Раза два или даже больше подмывало ее подойти к столу, за которым он сидел, стать перед ним, посмотреть на него в упор и спросить: "Ты меня помнишь?" Непременно так, этими тремя словами: "Ты меня помнишь?" И большим усилием воли она поборола себя, подумав, что тут, при врачах, он может вдруг сказать: "Нет, не помню и не знаю, и почему это вам вздумалось обращаться ко мне на "ты"?"

Это остановило ее, но, как только он встал и начал благодарить врачей и прощаться, она тут же выскочила боком мимо него в двери.

Что ей сделать дальше, она не представляла ясно, но, чуть только отворилась захлопнутая ею дверь приемной и она почувствовала, что за Ревашовым может выйти следом кто-нибудь из врачей, которым, кстати, совершенно нечего было сидеть в приемной, — она бросилась на крыльцо и, не помня себя, соскочила по ступенькам к машине.

Вырвикишка стоял, поглядывая на дверь крыльца. У нее мелькнуло, что он не узнает ее, конечно, и нисколько не удивится, если она будет говорить с Ревашовым при нем. Шофер-солдат сидел за рулем, делая что-то с мотором, и на нее не взглянул даже.

Наконец, Ревашов показался на крыльце.

Из-под низко надвинутой на глаза косынки Еля взглянула на него и снова отвернулась, подумав, что вот он теперь видит ее у своей машины и объясняет это, должно быть, заботой врачей о нем, боевом генерале: послали, дескать, чтобы помочь ему войти внутрь, поддержать его, раненного в горячем сражении в руку.

Он именно так и подумал, — она угадала. Он поглядел на нее с любопытством, спускаясь с крыльца, но только что подошел он к машине, стараясь при ней, при женщине, шагать молодцевато, она быстро откинула косынку назад, показав весь свой крутой и красивый лоб, и спросила именно так, как придумала в приемной:

— Ты меня помнишь?

Всего только несколько мгновений оставались скрещенными их взгляды, и она успела припомнить за эти короткие мгновенья, что он — два с половиной года назад — говорил ей, что делит всех женщин на три разряда: пупсы, полупупсы и четвертьпупсы, — наименее интересные, а ее причисляет к первосортнейшим пупсам; только успела припомнить это и заранее испугалась, — вдруг он вскрикнет: "Пупса! Ты!" И...

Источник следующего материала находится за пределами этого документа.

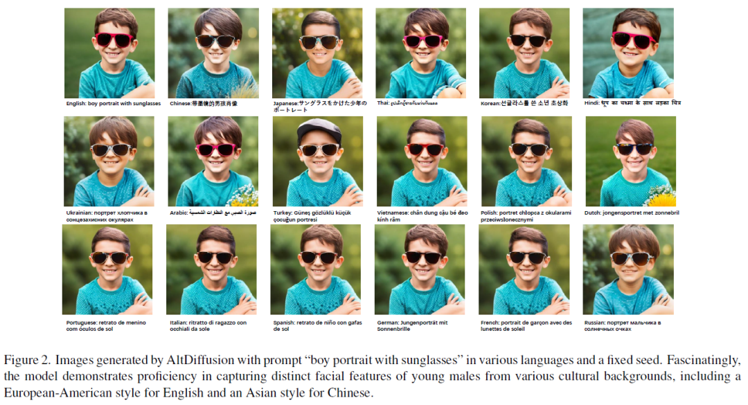 AltDiffusion-m18 从多语言的数据中学到了不同语言的偏置,帮助用户越过语言翻译门槛、绕过文化转译,减少了语言背后文化信息的丢失。如下图所示,中文、日文 Prompt 生成的小男孩的脸部轮廓更加“亚洲风”,而英语及其他欧洲地区语言 prompt 生成小男孩则更加“欧美风”。

Она не могла вообразить, что может он сказать или сделать дальше, но вдруг по глазам его, загоревшимся было и тут же потухшим, поняла, что он узнал ее, однако счел лучшим сделать вид, что не знает.

— Нет, не помню, э... И как вы смеете говорить мне "ты"? — как-то сквозь зубы протиснул он, ставя ногу на подножку своей машины, дверцу которой держал открытой Вырвикишка.

— Подлец! — крикнула она, вся задрожав снова, как недавно в приемной, и плюнула ему в толстую тщательно выбритую щеку.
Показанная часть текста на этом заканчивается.